Odds and ends from the 1986 session of the Maryland General Assembly, which at the half-way point seems to have produced little but a collection of odds and ends.

*It's an open question which list contains more names, the one with candidates to replace Benjamin L. Cardin as House speaker next year, or the one with possible running mates for Democratic gubernatorial candidate and Baltimore Mayor William D. Schaefer. Sometimes it seems that every legislator except Howard County Republican Del. V. Lanny Harchenhorn and Allegany County Democratic Del. William Byrnes has been on one or both lists.

The latest "short list" of running mates for Schaefer includes Senate President Melvin A. Steinberg (D-Baltimore County) and Del. R. Clayton Mitchell Jr. (D-Eastern Shore), the chairman of the House Appropriations Committee.

The mention of Mitchell has people in the political camp of gubernatorial candidate Stephen H. Sachs dreaming up conspiracy theories. The thinking is this: If Mitchell, one of two leading candidates for House speaker, is tapped by Schaefer, it will leave as the leading speaker possibility Del. Paul Weisengoff, an old-school, South Baltimore pol.

The selection of Weisengoff as speaker, Sachs' people believe, would then lead to the election by the legislature of former State Sen. Harry McGuirk as state treasurer when William S. James retires. McGuirk, who currently lobbies on behalf of Schaefer, earned a reputation in the legislature that makes Weisengoff look like a member of the party's reform wing.

If Schaefer and McGuirk are elected governor and treasurer, they would have a majority voice on the three-member Board of Public Works, which controls most state contracting.

The combination, Sachs predicted recently, would turn the board into a mega-version of the Baltimore city trustees, the quasi-public group that controls a $100 million loan bank. The attorney general is critical of the trustees for sometimes rewarding the mayor's political backers.

*Normally genteel politicians from Montgomery County are demonstrating this session that they can play nasty politics with the best of them.

With four Montgomery County state Senate seats being hotly contested by veteran legislators, the intramural invective has tended to get a bit out of hand. The low point came when one delegate, who shall remain unnamed, suggested to a flu-stricken Prince George's County colleague that he sneeze on her opponent to keep her from campaigning for a few days.

*Gov.

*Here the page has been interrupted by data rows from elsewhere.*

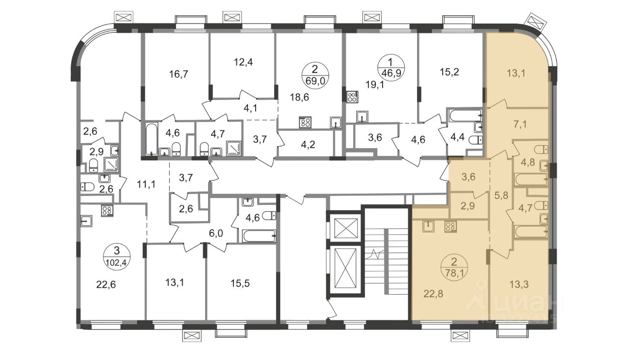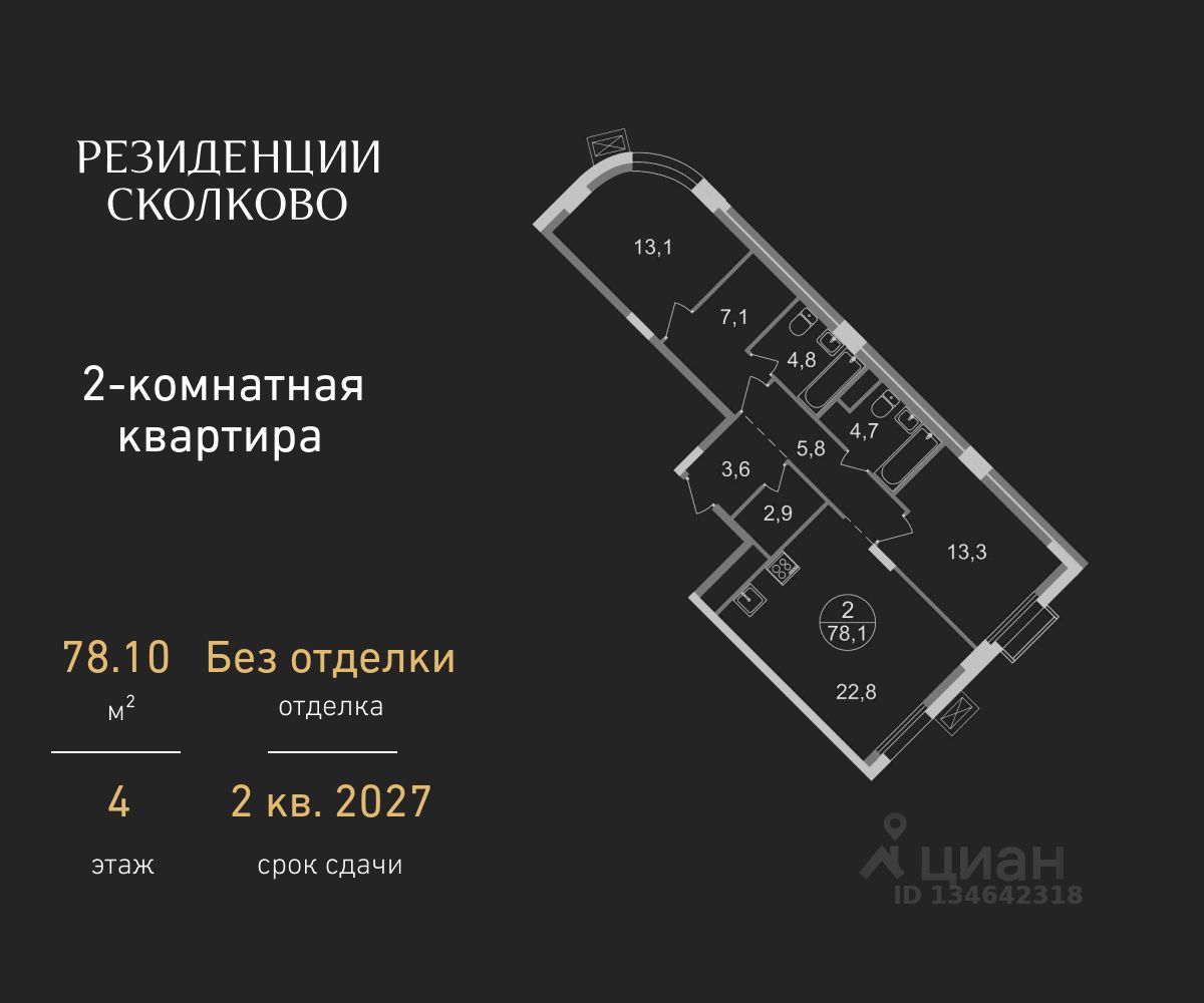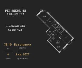 Общая площадь квартиры - 78,1 кв. м, этаж 4 из 9.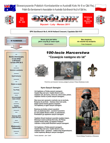 Rok 2011 Nr. 400 Brisbane Qld Wydanie 01/11 Styczeń - Luty - Marzec 2011 SPK Sub-Branch No 8, 44-54 Holland Crescent, Capalaba Qld 4157 W NUMERZE *** Serwis informacyjny co się dzieje w Brisbane i w Kole SPK Nr 8 Nasze życie jest takim, jakim uczyniły je nasze myśli. Bez cierpienia, nie rozumie się szczęścia. Marek Aureliusz Fiodor Dostojewski 100-lecie Harcerstwa “Czuwajcie następne sto lat” *** ********* Harcerze w podziemiu ******** Kącik Kulinarny ********* *** Pomnik ku czci harcerek i harcerzy poległych podczas II Wojny Światowej w Łodzi. Wojsko na wesoło ********* Two Pilots ********* ***** Jak powstawała nasza website Hymn Szarych Szeregów I iść będziemy w Polskę szarymi szeregami, I będzie Bóg nad nami, i będzie Naród z nami... I będziem szli, jak hymny, skroś wsi, skroś miast, polami, I będziem równać w prawo szarymi szeregami... ***** ********* Gdy rzucą nam wyzwanie z zachodu czy ze wschodu, Ruszymy do pochodu – Zawisza miecz nam poda, Zatętni ziemia twardo gąsienic kopytami I iść będziemy w ogień szarymi szeregami. ********* **** Rozniosą się fanfary echami wysokimi Hen, po piastowej ziemi – szumami husarskimi. Za nami pójdzie Naród z Orłem, ze sztandarami, Powiedziem go szpalerem szarymi szeregami. Opłatek Capalaba 2010 Sylwester 2010 w Kole SPK Nr 8 ***** ********* Wiadomości – Ciekawostki ********* ***** I będziem Gmach budować rycerskim zwykłym bojem, Otworzym wszerz podwoje dla trudu, dla Pokoju I będzie Polska młodą, my będziem Polakami I staniem w straż przed Gmachem szarymi szeregami. I iść będziemy z Polską szarymi szeregami, I będzie Bóg nad nami, i będzie Naród z nami, I będziem trwać – kamienie – wzdłuż dróg drogowskazami, I wieść będziemy Młodych szarymi szeregami. Tomek Jaźwiński – phm “Julek”. Pomnik Małego Powstańca w Warszawie. Styczeń – Luty – Marzec 2011 Str 2 Zarząd Koła SPK Nr 8 Prezes Wice-Prezes Sekretarz Skarbnik Z-ca Skarbnika Gospodarz Zdzisław Koch Jan Tkaczyk Maria Lorenc Maria Kołodko Grażyna Kuczyńska Stanisław Lorenc 3821 0372 3260 6399 3349 2340 Reprezentant Koła Nr 8 Townsville Gold Coa st Br. J.Miller-Patajewicz Janusz Porębski Czesław Rudnik-Rogers Beata Mroczek Adam Kuczyński 4724 1161 5578 7382 Renata Dźwig Przewodnicząca Ula Daniels hm 0413 942 907 Hufiec Żeński Ola Karwaj pwd 0421 334 504 Hufiec Męski Tomek Karbanowicz pwd 0413 333 430 Inne Organizacje Polskie Czesław Rudnik-Rogers 3273 4565 Jan Tkaczyk Andrzej Dźwig Alfred Choroszyński Eugeniusz Kwiatkowski Walter Olszewski Wiktor Wołodźko Witold Kuczyński 3369 2747 Prezes 3389 0000 3823 1738 Major General Michael Jeffery, AC, AO (Mil), CV O, MC (Retd) PO Box 3162, Manuka ACT 2603 Honorowy Konsul R.P. w Brisbane 3221 9564 3398 1018 Kapelan Koła Nr 8 Ksiądz Proboszcz Przemysław Karasiuk SChr Plebania: (07) 3252 2200 Mobile: 0404 085 041 Ksiądz Wiesław Pawłowski: Mobile: 0419 615 472 Wydaje: Zarząd Koła SPK Nr 8 Redaktor Naczelny: Krystyna Tkaczyk Nasz adres: PO Box 1211 Capalaba Qld 4157 Tel: 07 3390 1640 02 6241 4501 Polonia – Milton Patron SPK Koła Nr 8 A/h Andrzej Alwast 3395 1955 3219 0341 3351 6578 3260 6399 3261 8854 3207 1821 Zarząd Krajowy SPK Brian Kilmartin Rada Naczelna Polonii Australijskiej Prezes Poczet Sztandarowy Prezes 07 3219 0341 Harcerstwo ZHP Obwód “Pomorze” Łącznik Koła Nr 8 Chorąży Za stępca Asystenci 3273 4565 33904037 0407 596 547 Polska Szkoła Sobotnia Bowen Hills Komisja Rewizyjna Koła Nr 8 Przewodniczący: Janina Kłoda Członkowie: Eugeniusz Kwiatkowski Andrzej Olszanowski Członkowie Zarządu 3824 5108 3395 1955 3390 1705 3245 4389 3823 1738 3390 1705 Leszek Wikariusz Stow. im. T. Kościuszki - Darra 3288 5031 Radio 4EB Centrala Ula Nadstazik 3240 8600 3311 6450 Koło Polek Barbara Andruczyk 3822 4263 Polska Parafia Bowen Hills 3252 2200 Siostry Mi sjonarki Chrystusa Króla 3855 3772 “DIVERSICARE” Rządowa Pomoc dla Osób Starszych Wiesława Dróżdż 3846 1099 Polski Klub Seniorów Przewodnicząca Helena Podbereźny 3300 5130 “OZPOL” Community Care Assoc. Irena Biedak 3211 3833 Ogłoszenia drobne - $10 Większe - cena do uzgodnienia. Redakcja zastrzega sobie prawo do korekty i skrótów nadsyłanych tekstów. Styczeń – Luty – Marzec 2011 Str 3 Harcerze w podziemiu. Trzydzieści tysięcy młodych ludzi działało w Szarych Szeregach. Listonoszki Harcerskiej Poczty Polowej. Harcerze Szarych Szeregów. W czasie II wojny światowej ZHP działał w konspiracji pod pseudonimem Szare Szeregi, organizując m.in. mały sabotaż, walcząc w powstaniu warszawskim (1944). Działalność harcerzy biorących udział w walce zbrojnej upamiętnia pomnik Małego Powstańca na warszawskim Starym Mieście. Szare Szeregi powstały 27 września 1939 roku. Była to konspiracyjna struktura harcerska, działająca na ziemiach polskich w okresie okupacji niemieckiej. Pierwszym naczelnikiem Szarych Szeregów został Florian Marciniak. Harcerze działali w powiązaniu z Delegaturą Rządu na Kraj i Komendą Główną Armii Krajowej. Młodsi harcerze brali udział w akcjach małego sabotażu i roznosili pocztę, starsi uczestniczyli w działalności dywersyjnej i w akcjach zbrojnych. Do najważniejszych akcji Szarych Szeregów należało odbicie w 1943 roku transportu więźniów do Auschwitz i zamach na komendanta warszawskiej policji i SS Franza Kutscherę w 1944 roku. W 70. rocznicę powstania Szarych Szeregów, druh Janusz Badura, który w czasie wojny służył w mokotowskim bloku "Radiostacja", wspominał, że w Warszawie harcerze prowadzili pracę wywiadowczą. Anna Mizikowska pseudonim "Grażka" była łączniczką batalionu "Parasol", między innymi brała udział w walkach o pałacyk Michla. Wspominając czas konspiracji, podkreśliła, że dla harcerzy najważniejszym zadaniem zawsze była nauka, zarówno podczas wojny, jak i obecnie - w czasie pokoju. W okresie najpełniejszego rozwoju Szarych Szeregów, Główna Kwa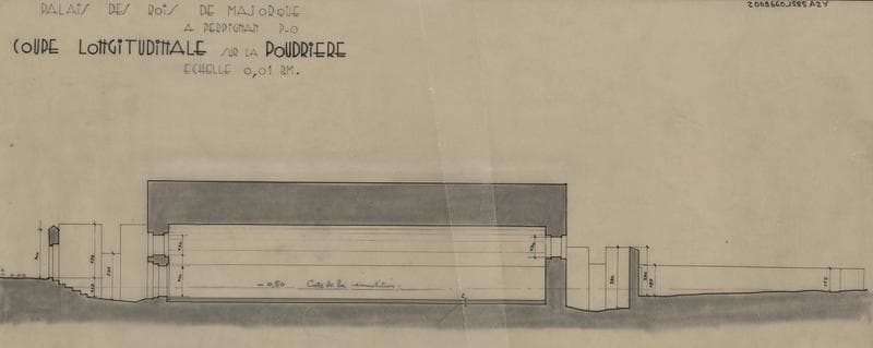 Palais des Rois de Majorque : coupe longitudinale sur la poudrière cotée.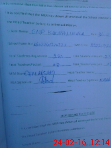 | Certified that this School was Inspected by the Undersigned MEA/DMO Today and the Information Stated Above is as Per Record. | |||||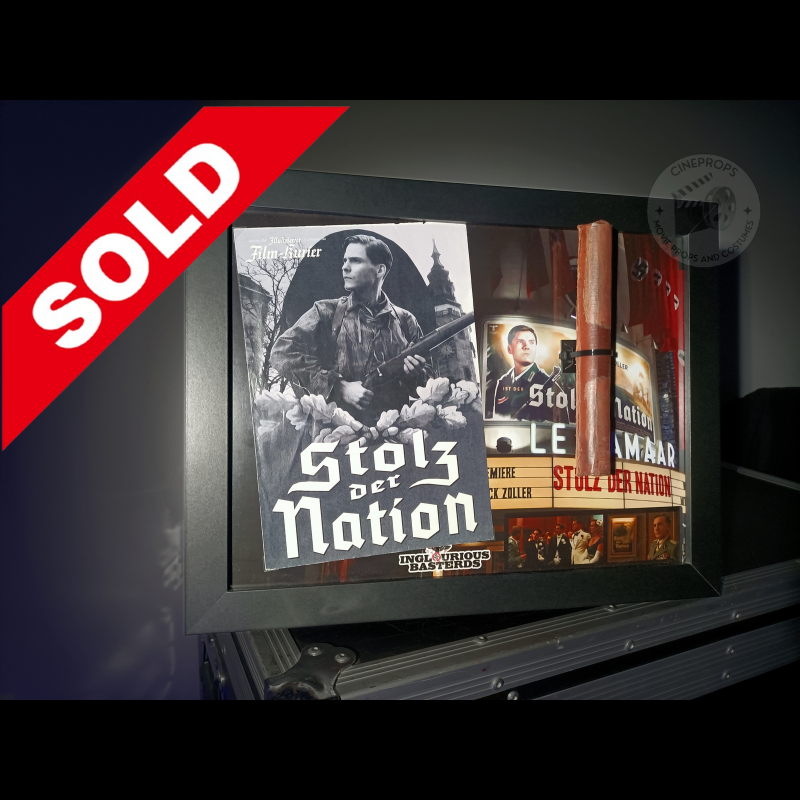 CineProps vous propose ce faux bâton de dynamite ainsi que ce programme réalisés pour la scène finale explosive du film Inglourious Basterds, réalisé par Quentin Tarantino en 2009. Deux props pour un package rare. Un must have !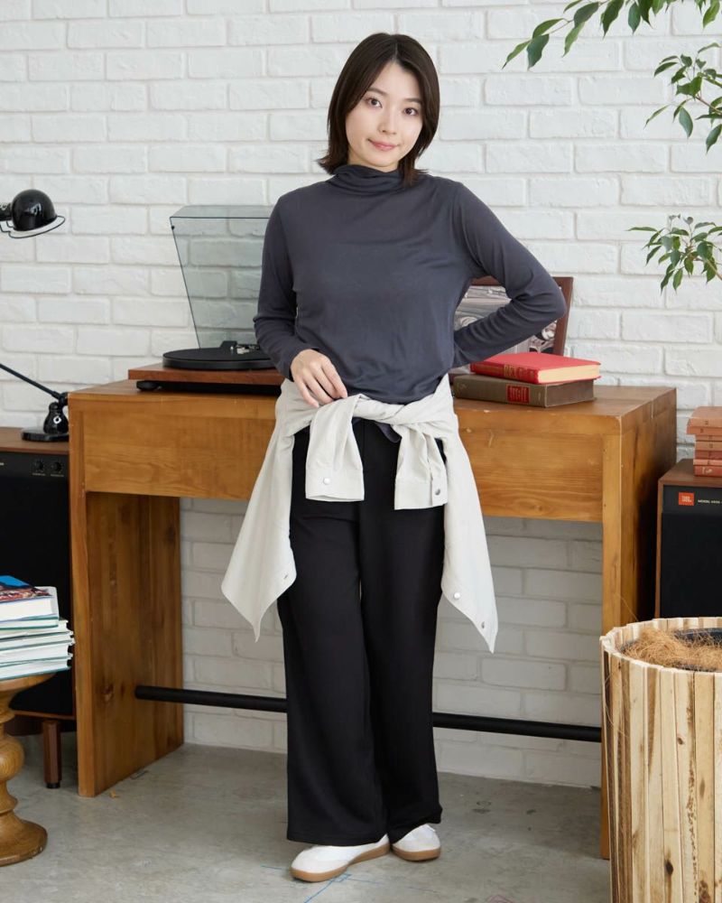 ドライな肌ざわりが心地よいタートルネックカットソー。季節の変わり目の重ね着に欠かせない一枚です。インナーとしてはもちろん、レイヤードの見せ方次第で主役にもなる、汎用性の高いアイテムです。 モデル身長: 162 cm 着用サイズ: M サイズ Golden Bear QUEEN SIZE(Ladies' 大きいサイズ ) カットソー (Ladies') 同デザイン通常サイズはこちら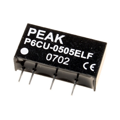 DC-DC преобразователи мощностью 1 Вт, корпус: для монтажа на печатную плату SIP7, производства компании PEAK серии P6CG, P6CU, P6LU.
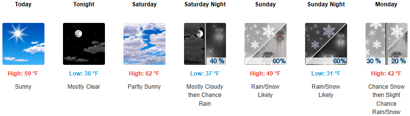 2 - 6” of snow is expected for the Wasatch Mountains on Sunday through Monday morning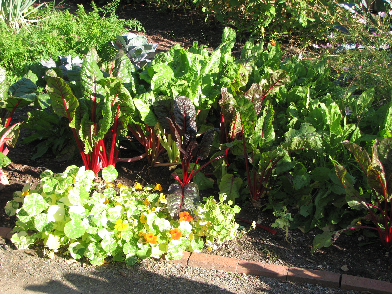 Use chard as an accent among other vegetables or as a contrast to brightly colored annuals.  Pop a few Rainbow Chard in your flower beds or pots for added color, providing a bright, midsummer display.  Edible Landscape!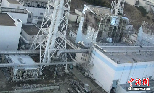 3月16日,由日本自衛隊員在直升機上拍攝的福島第一核電站第四反應堆受損近照。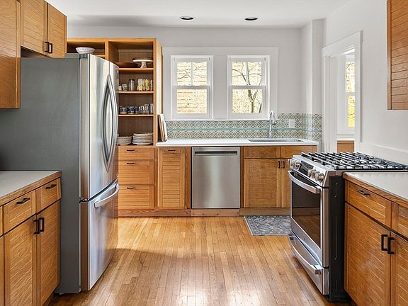 Ideally situated in the desirable Baldwin neighborhood, this delightful single-family home blends 1930s charm with modern amenities. Formal living and dining rooms complement the less formal sitting room and a large eat-in-kitchen, which offers plenty of counter and storage space, SS appliances, custom tiles, and a stackable W/D. The second floor landing functions as a cozy library, with built-in bookshelves and cabinets. There are three bedrooms on this level, including two en-suite; the primary bedroom features a lovely renovated bathroom, walk-in dressing area, and Juliet balcony. On the top floor, two bedrooms, a bathroom, a family room, and a kitchenette make this space perfect for guests, working from home, or au pair. The basement combines storage space with a semi-finished, heated workshop with direct access to the yard. Outside, a bluestone patio, perennials, and flowering trees and shrubs create a restorative atmosphere. Off-street parking for one car, with EV charger.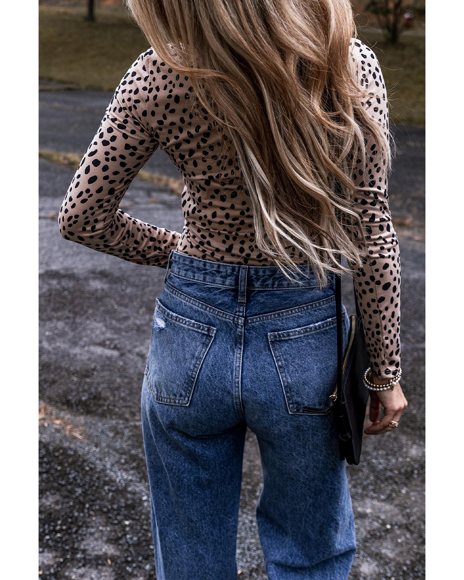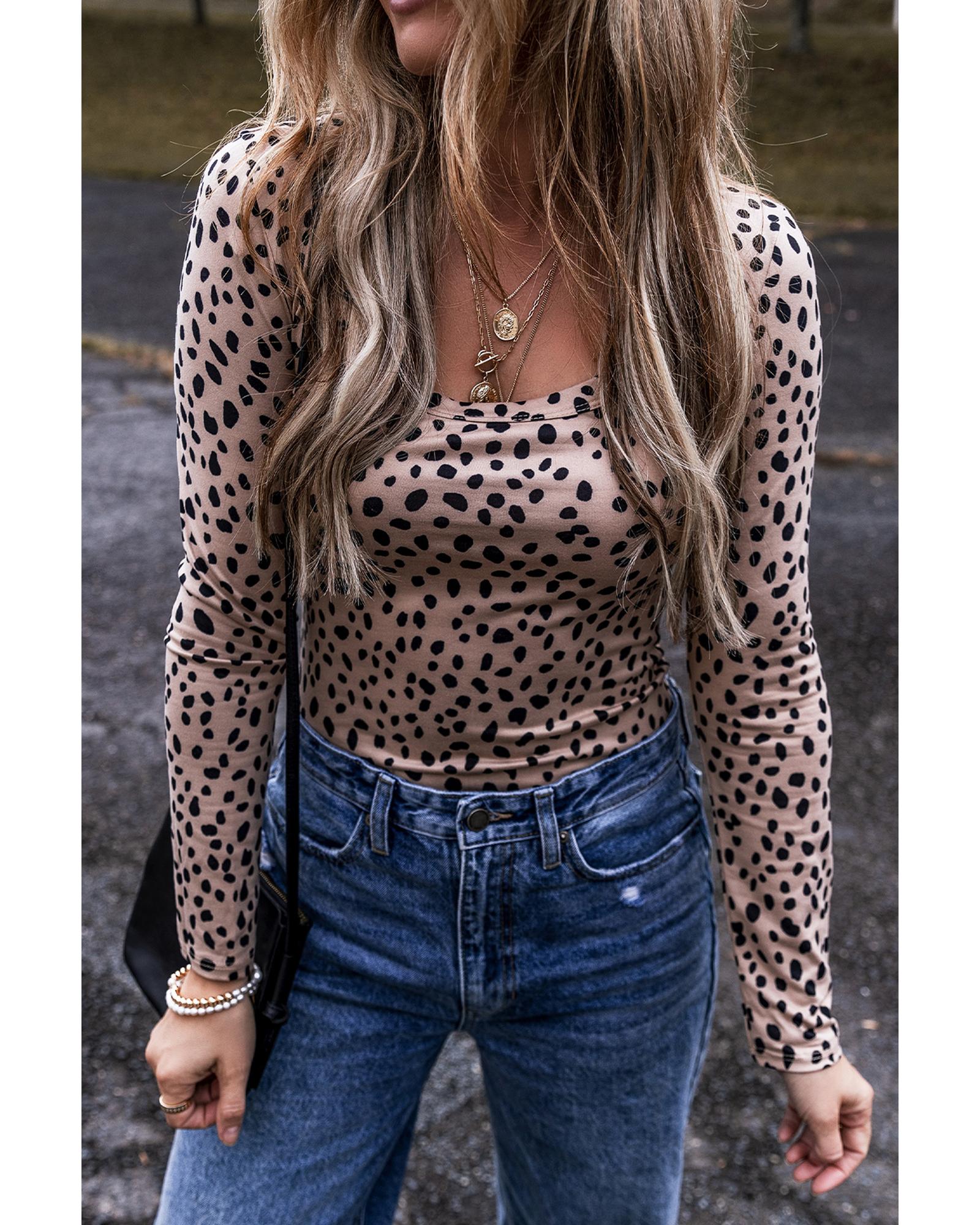 Smoke Gray Leopard Print Long Sleeve Scoop Neck Slim Fit Bodysuit – XL

Harry Hughes, who believes that the worst of the savings and loan political fallout is behind him, has scheduled a fundraiser immediately after the legislative session, when he plans to enter the race for the U.S. Senate.

A poll taken by one of his Democratic rivals, however, shows that Hughes is favored by only 9 percent of those surveyed.

However, things were worse for Hughes in 1978, when he appeared to have that same level of support three weeks before the gubernatorial primary -- which he won.

*The Maryland Republican Party is still looking for a gubernatorial candidate, and may have to settle for Prince George's County Del. Thomas Mooney, a Takoma Park lawmaker who switched parties last fall.

Mooney, whose legislative career has been regarded by his colleagues as quixotic at best, was thinking of running for the U.S. Senate, but recently met with top GOP officials to discuss a gubernatorial campaign.

*A final note: Things may pick up, because when the bill to ban records with obscene lyrics gets a hearing in the Senate, Frank Zappa may come to testify. If Zappa, who records on the Barking Pumpkin label, can't liven up this session, nobody can.